### Data shown
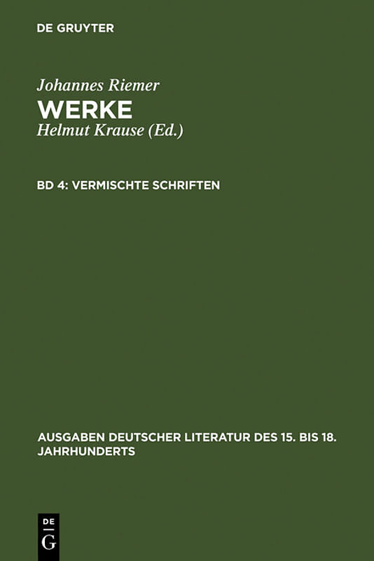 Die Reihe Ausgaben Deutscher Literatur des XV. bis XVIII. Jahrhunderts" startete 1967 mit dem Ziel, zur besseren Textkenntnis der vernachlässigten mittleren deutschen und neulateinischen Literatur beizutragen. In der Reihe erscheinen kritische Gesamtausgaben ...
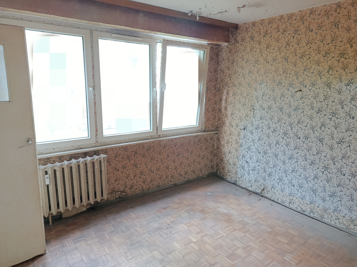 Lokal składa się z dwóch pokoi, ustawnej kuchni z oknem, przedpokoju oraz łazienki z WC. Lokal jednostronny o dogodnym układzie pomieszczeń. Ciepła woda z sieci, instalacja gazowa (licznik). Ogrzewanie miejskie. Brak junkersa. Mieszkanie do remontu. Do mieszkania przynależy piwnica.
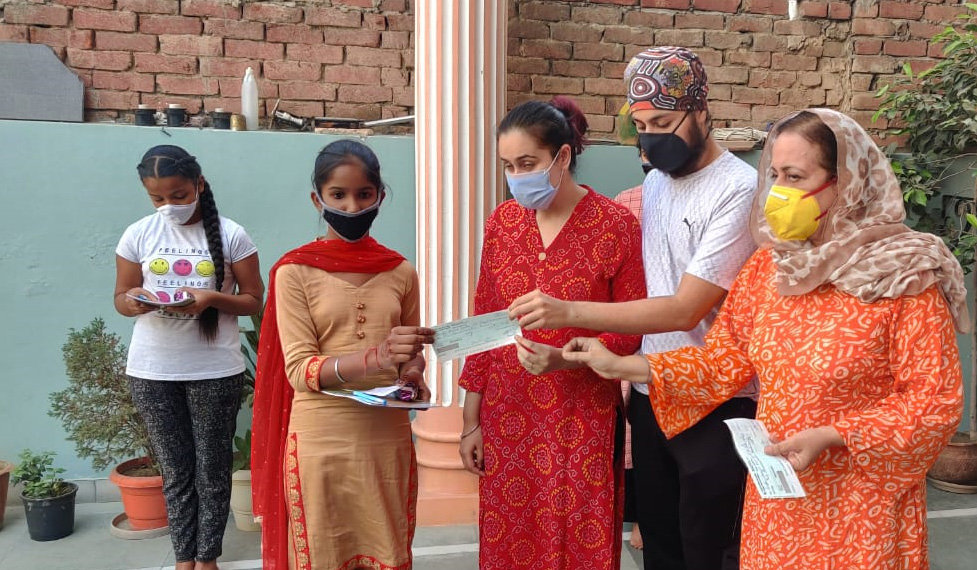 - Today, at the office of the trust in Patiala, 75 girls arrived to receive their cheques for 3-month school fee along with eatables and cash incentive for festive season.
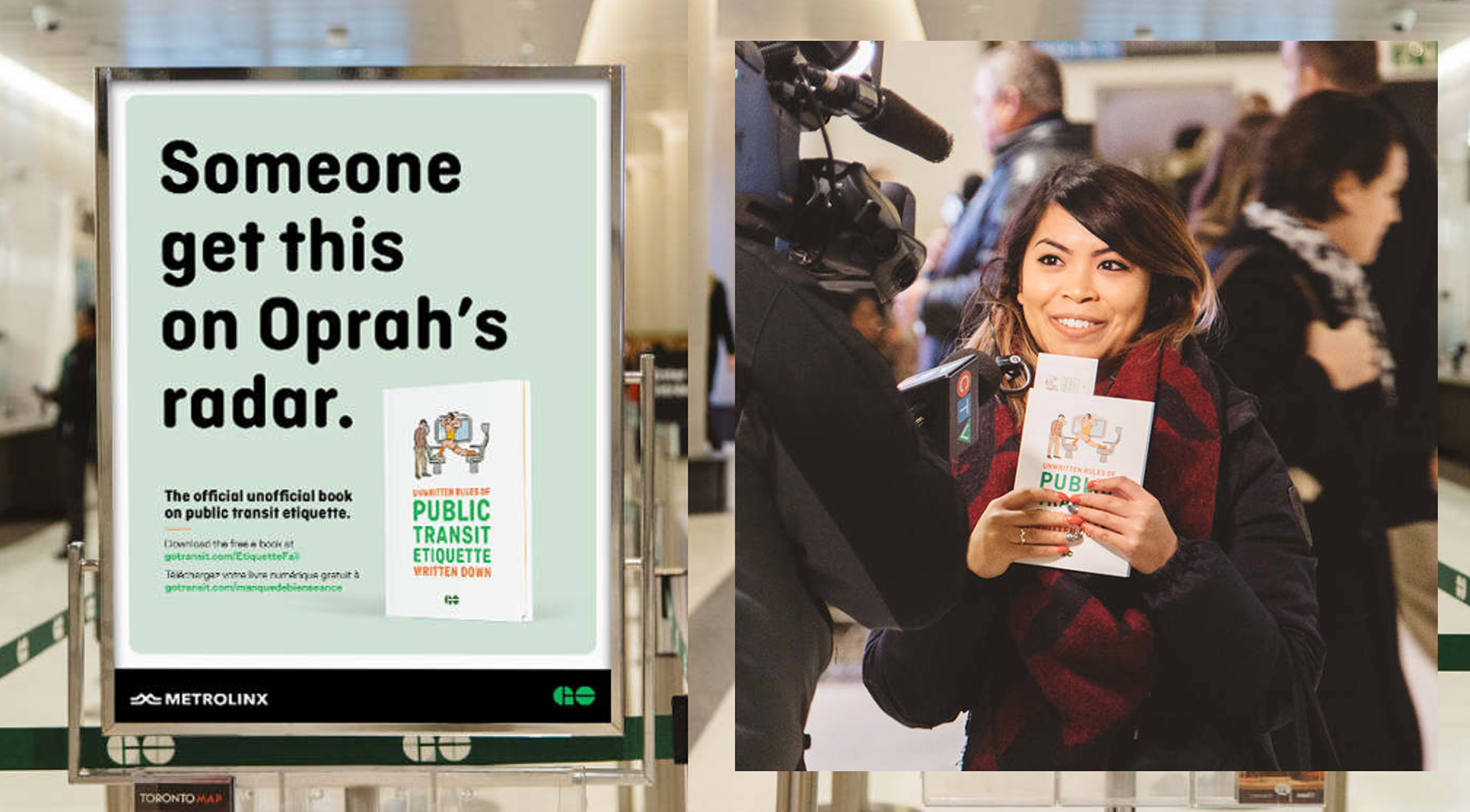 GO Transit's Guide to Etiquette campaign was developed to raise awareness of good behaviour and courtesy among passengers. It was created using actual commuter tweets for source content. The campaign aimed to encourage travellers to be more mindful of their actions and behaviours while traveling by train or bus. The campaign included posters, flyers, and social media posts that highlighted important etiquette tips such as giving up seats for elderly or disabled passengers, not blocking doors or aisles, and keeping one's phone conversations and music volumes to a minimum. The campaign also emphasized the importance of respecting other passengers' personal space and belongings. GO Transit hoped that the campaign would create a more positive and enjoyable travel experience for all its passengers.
* * *
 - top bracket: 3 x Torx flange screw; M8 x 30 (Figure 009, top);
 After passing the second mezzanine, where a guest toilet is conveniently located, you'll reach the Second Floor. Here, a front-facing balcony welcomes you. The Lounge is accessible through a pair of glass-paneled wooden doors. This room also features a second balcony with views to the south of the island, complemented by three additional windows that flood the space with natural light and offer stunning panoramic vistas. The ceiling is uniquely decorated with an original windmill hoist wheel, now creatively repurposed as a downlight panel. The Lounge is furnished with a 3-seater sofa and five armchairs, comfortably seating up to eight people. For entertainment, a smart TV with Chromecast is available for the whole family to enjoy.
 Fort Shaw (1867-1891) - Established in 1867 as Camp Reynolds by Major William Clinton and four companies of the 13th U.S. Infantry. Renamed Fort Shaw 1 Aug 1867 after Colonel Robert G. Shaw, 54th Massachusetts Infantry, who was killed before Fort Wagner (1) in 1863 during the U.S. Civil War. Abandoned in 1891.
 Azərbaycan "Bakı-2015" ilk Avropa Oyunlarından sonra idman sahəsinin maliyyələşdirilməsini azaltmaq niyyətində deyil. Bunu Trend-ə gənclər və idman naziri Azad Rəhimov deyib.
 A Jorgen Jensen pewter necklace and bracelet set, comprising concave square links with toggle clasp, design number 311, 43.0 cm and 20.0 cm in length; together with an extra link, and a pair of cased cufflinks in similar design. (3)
* * *
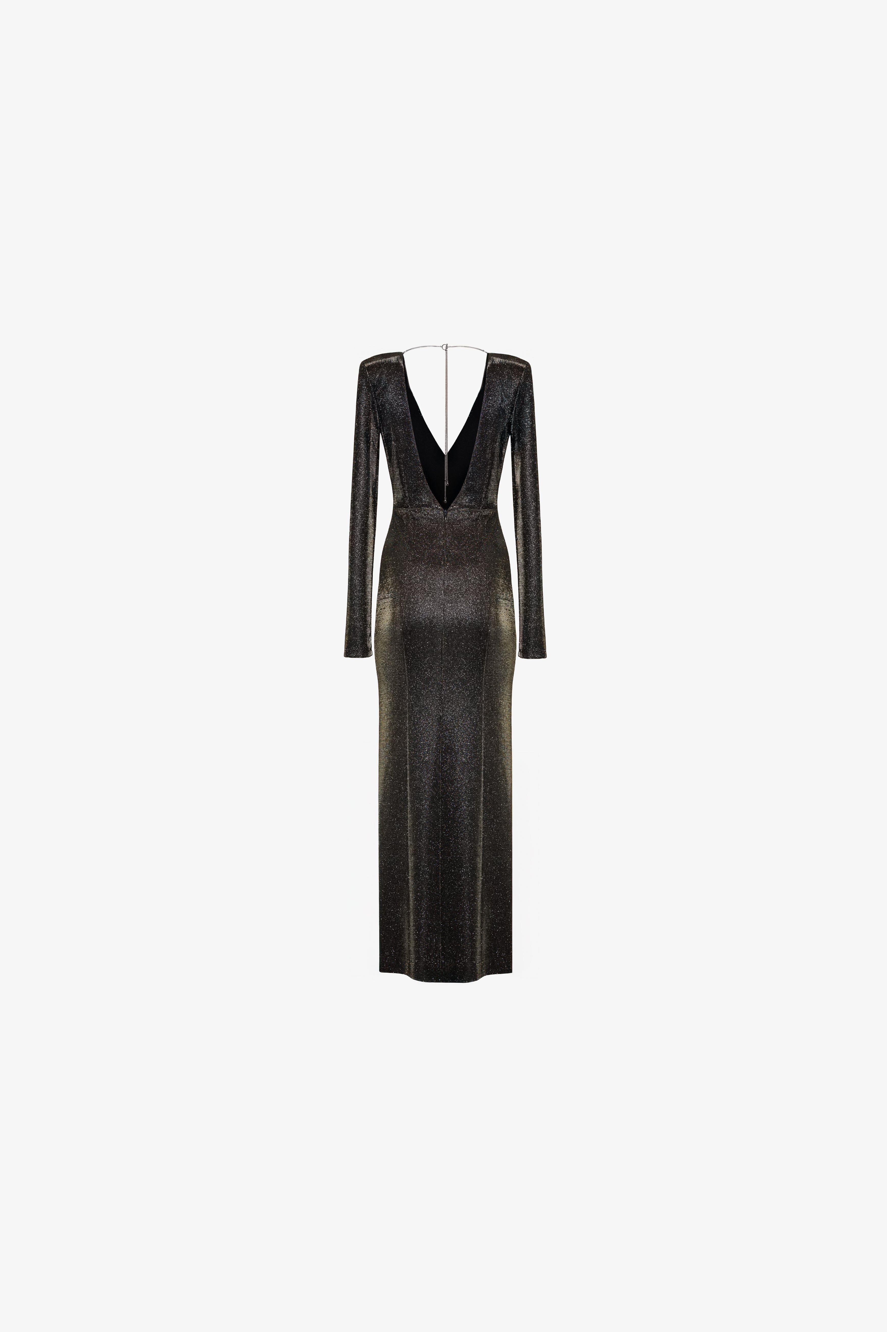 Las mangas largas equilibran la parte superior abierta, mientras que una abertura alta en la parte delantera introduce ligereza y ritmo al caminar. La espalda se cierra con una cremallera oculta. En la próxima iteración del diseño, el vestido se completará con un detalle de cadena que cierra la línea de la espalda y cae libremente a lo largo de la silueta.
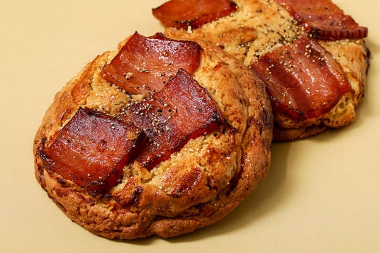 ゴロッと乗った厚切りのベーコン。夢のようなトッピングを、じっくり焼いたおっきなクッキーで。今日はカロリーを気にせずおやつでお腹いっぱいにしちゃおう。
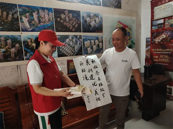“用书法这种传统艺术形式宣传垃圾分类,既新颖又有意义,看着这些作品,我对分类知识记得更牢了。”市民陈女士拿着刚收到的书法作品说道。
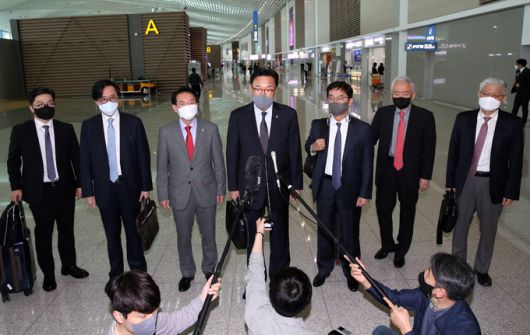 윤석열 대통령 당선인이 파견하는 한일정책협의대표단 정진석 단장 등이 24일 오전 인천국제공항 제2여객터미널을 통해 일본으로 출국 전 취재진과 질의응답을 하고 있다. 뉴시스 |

### What you should do
Please output the lines above beginning at the line with "Lokal składa się" and ending after the line with "- Today, at", precisely as written and with no pictures.

### Answer section
 Lokal składa się z dwóch pokoi, ustawnej kuchni z oknem, przedpokoju oraz łazienki z WC. Lokal jednostronny o dogodnym układzie pomieszczeń. Ciepła woda z sieci, instalacja gazowa (licznik). Ogrzewanie miejskie. Brak junkersa. Mieszkanie do remontu. Do mieszkania przynależy piwnica.
 - Today, at the office of the trust in Patiala, 75 girls arrived to receive their cheques for 3-month school fee along with eatables and cash incentive for festive season.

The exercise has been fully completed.